-------- Task material --------

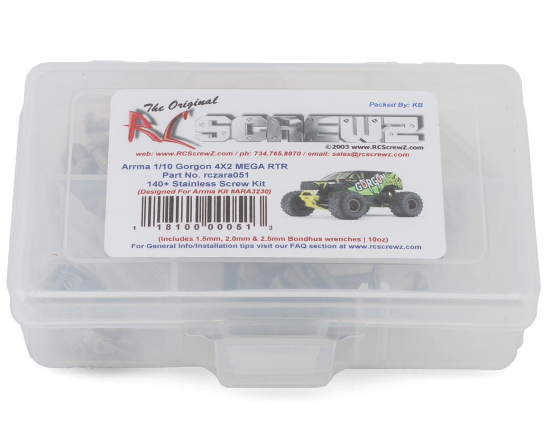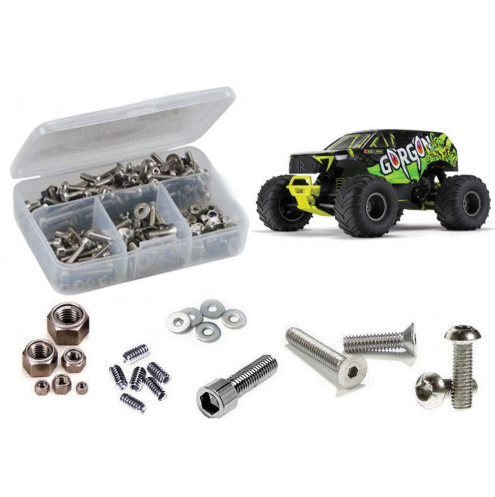 This is an optional RC Screwz Stainless Steel screw kit for the Arrma Gorgon 4x2 MEGA 1/10 Monster Truck. RC Screwz Stainless Screw Kits are 100% complete. Your kit will include everything needed to do a full conversion and more. Stainless Steel Screw Kits are far superior to the screws that come stock with your RC. RCScrewz kits are made with the best stainless steel money can buy. No more bent, rusted, or corroded screws. Never worry about stripped heads again. You will not find a better screw kit for your RC at any price and RCScrewz Guarantee it.
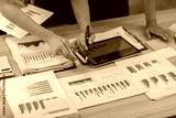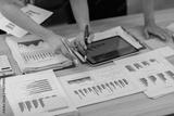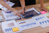 Group of confident business people point to graphs and charts to analyze market data, balance sheet, account, net profit to plan new sales strategies to increase production capacity.
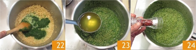 Wenn noch 5 Minuten bis zur Kochzeit des Reises fehlen, fügen Sie die Schwarzkohlcreme hinzu 22. Gut umrühren und den Risotto fertig kochen, bei Bedarf mehr Brühe hinzufügen 23. Sobald er fertig ist, mit rosa Pfeffer würzen 24.
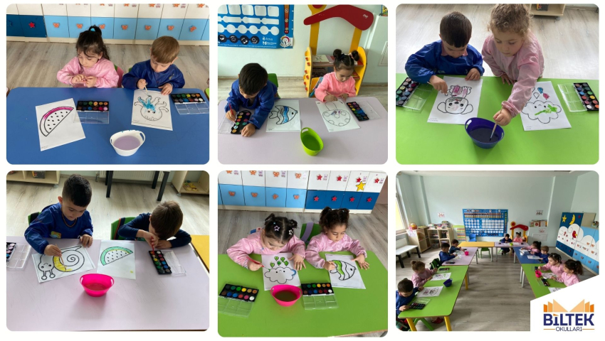 Sulu boya ile yapılan bu keyifli çalışmada öğrencilerimiz, hem eğlenceli vakit geçirdiler hem de ince motor becerilerini geliştirme fırsatı buldular.
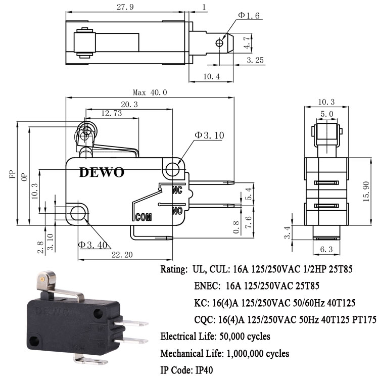 Terminal type:187 quick connect terminal/250 quick connect / Solder terminal/ left side PCB terminal/ right side PCB terminal/ Screw terminal
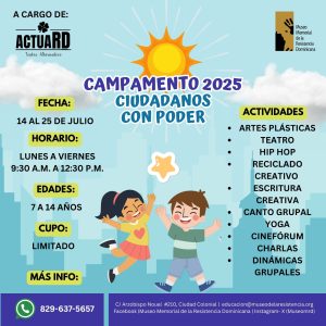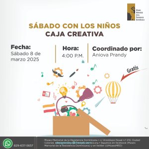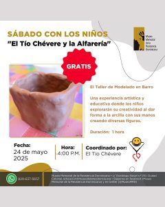 Sábado con los Niños Taller Modelado en Barro Fecha: Sábado 28 de marzo 2026 Hora: 4:00 PM Lugar: Museo Memorial de la Resistencia Dominicana. C/Arzobispo

--------

Using the data above, retype exactly and only the lines from the one containing "Group of confident" up to and including the one containing "Sulu boya ile", with no pictures carried over.

Answer for the task:
 Group of confident business people point to graphs and charts to analyze market data, balance sheet, account, net profit to plan new sales strategies to increase production capacity.
 Wenn noch 5 Minuten bis zur Kochzeit des Reises fehlen, fügen Sie die Schwarzkohlcreme hinzu 22. Gut umrühren und den Risotto fertig kochen, bei Bedarf mehr Brühe hinzufügen 23. Sobald er fertig ist, mit rosa Pfeffer würzen 24.
 Sulu boya ile yapılan bu keyifli çalışmada öğrencilerimiz, hem eğlenceli vakit geçirdiler hem de ince motor becerilerini geliştirme fırsatı buldular.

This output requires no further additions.